Most of us in the digital preservation field are familiar with the Open Archival Information System (OAIS) model. After nearly two decades this model has become a backbone for many of our architectures, certification and protocols. Terms such as AIP, SIP and DIP are in common use and the first sighting of the OAIS diagram at a conference is frequently remarked on. The model has given us a common language to communicate our digital preservation needs with. But how many of us have actually read and engaged with the model further than the most common terms from it? We would like to admit that the first time we read the guidelines of the OAIS model was at the start of this year, even though we have been using terms from the model throughout both our digital archiving careers.

Here at The National Archives we have (like many archives) used the OAIS reference model to guide our thinking on digital preservation. This blog post will not be focusing on the overall OAIS model, but on the concept of Designated Community. Determining the Designated Community is defined as one of the responsibilities that an OAIS archive should undertake:

‘An identified group of potential Consumers who should be able to understand a particular set of information. The Designated Community may be composed of multiple user communities. A Designated Community is defined by the Archive and this definition may change over time (CCSDS 2012).’

This all sounds easy enough, an archive needs a group of users, a Designated Community, for whom they archive and make the material accessible. However, the model does not give any further information on how an archive should determine the appropriate Designated Community. In her 2016 article 'The power of imaginary users: Designated communities in the OAIS reference model', Rhianon Bettivia concludes, after a number of interviews with OAIS authors that, the ‘...Designated Community must be someone, whether real or not, and it cannot be everybody’ because that would imply the collection of an unfeasible amount of Representation Information or place an unreasonable expectation on the level of Knowledge Base required from such a broad community in order for them to independently understand the preserved digital information.
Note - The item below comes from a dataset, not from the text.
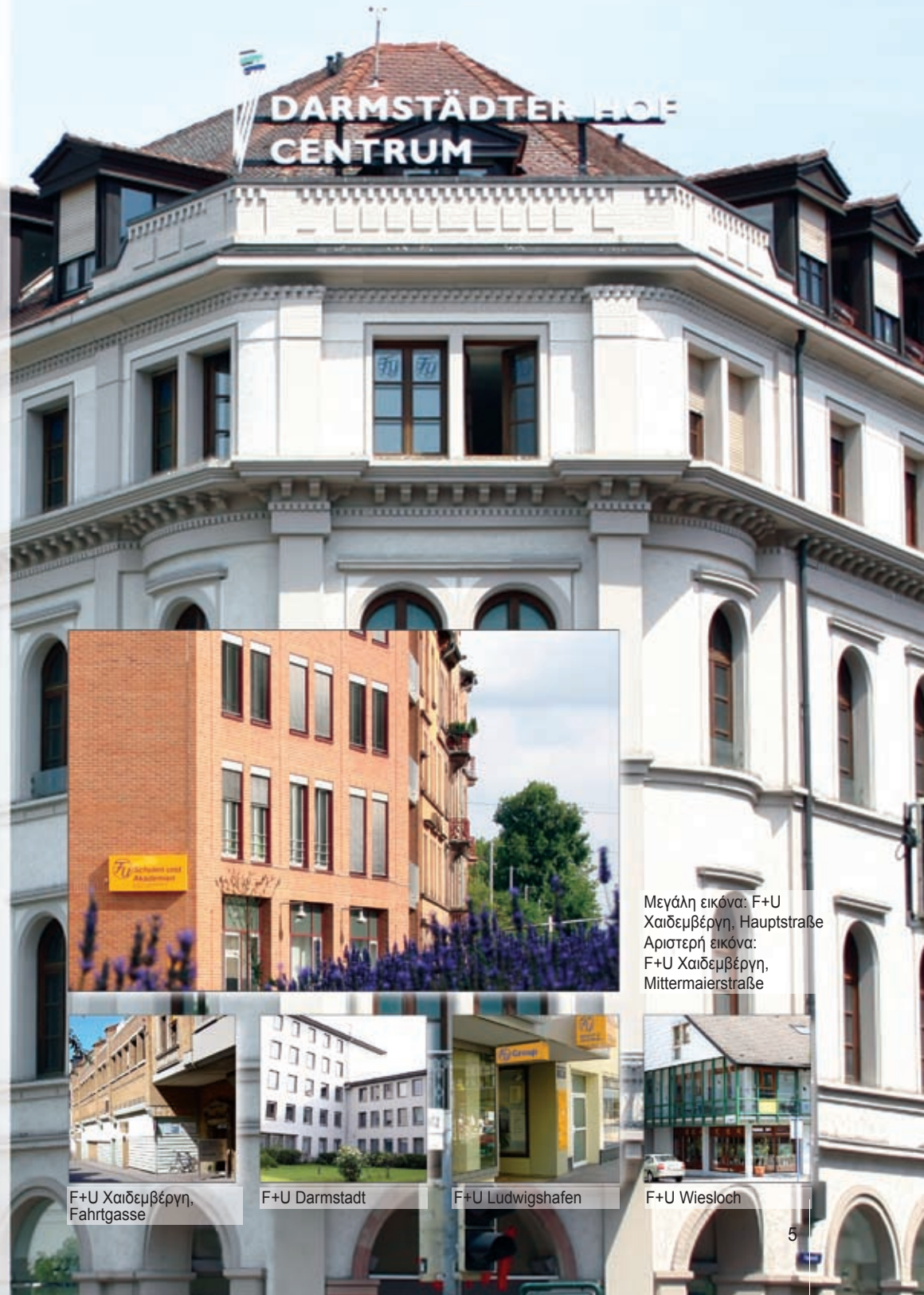
Μεγάλη εικόνα: F+U Χαιδεμβέργη, Hauptstraße Αριστερή εικόνα: F+U Χαιδεμβέργη, Mittermaierstraße

Εγκαίνια της διεθνούς επαγγελματικής ακαδημίας στο κρατίδιο της νοτίου Έσσης, των καινούργιων γραφείων μας στο Αμβούργο και στη Κολωνία. Έναρξη μαθημάτων της διεθνούς, ειδικής ανώτατης σχολής για σπουδές εξ' αποστάσεως στο Chemnitz. Ίδρυση της F+U στο Vilnius και της F+U στην Κροατία, στο Ζάγκρεβ. Ανάληψη του σχολείου του Βενέδικτου στο Zwickau.

However, the Trustworthy Repositories Audit & Certification: Criteria and Checklist (TRAC) appears to contradict that conclusion:

‘A repository may have a single, generalized “designated community” (e.g., every citizen of a country), while other repositories may have several, distinct designated communities with highly specialized needs, each requiring different functionality or support from the repository.'

Either way, neither of these two definitions aid an archive in determining their Designated Community. This is not as much of a problem for archives serving a small specialized user group, but is a problem for institutions serving several user groups or even the public. The National Archives is a good example of this, having a statutory duty to serve the general public (and having, at the heart of our new strategy, the desire to be an Inclusive Archive). But how do we square this with the implied need in OAIS to collect large amounts of Representation Information and so on to ensure users can then independently understand the files we make available? And even smaller depositories who are opening up their archives through the World Wide Web are starting to serve a wider audience, how does this fit into the Designated Community expected of the OAIS model? David Giaretta has suggested that we should not worry about this, he states that if an archive is unable to define their Designated Community in a way that will make the data accessible to the right users, the depositors of the data will not entrust their digital objects to the archive and they will go elsewhere. But this assumes an open market where depositors can choose an archive, it does not work for institutions such as The National Archives, where government bodies are obliged to deposit their data with us, there is no going elsewhere. 

And then we have processable digital data, such as 3D models, GIS maps and video games, where it can be unclear what the significant properties of these files are and could differ for different user groups with different Knowledge Bases and skills (see Bettivia). For example, in the case of video games, some users will be interested in the code, while others are more interested in the game play, or even the wider game experience (as explored by Jerome McDonough and James Newman), making it very unclear which properties should be preserved for the users of the archive.

In this blog post we would like to review the current methods used for determining Designated Communities and look at published examples of Designated Community. Then we would like to propose a discussion surrounding the Designated Community and we propose a number of potential solutions for it.   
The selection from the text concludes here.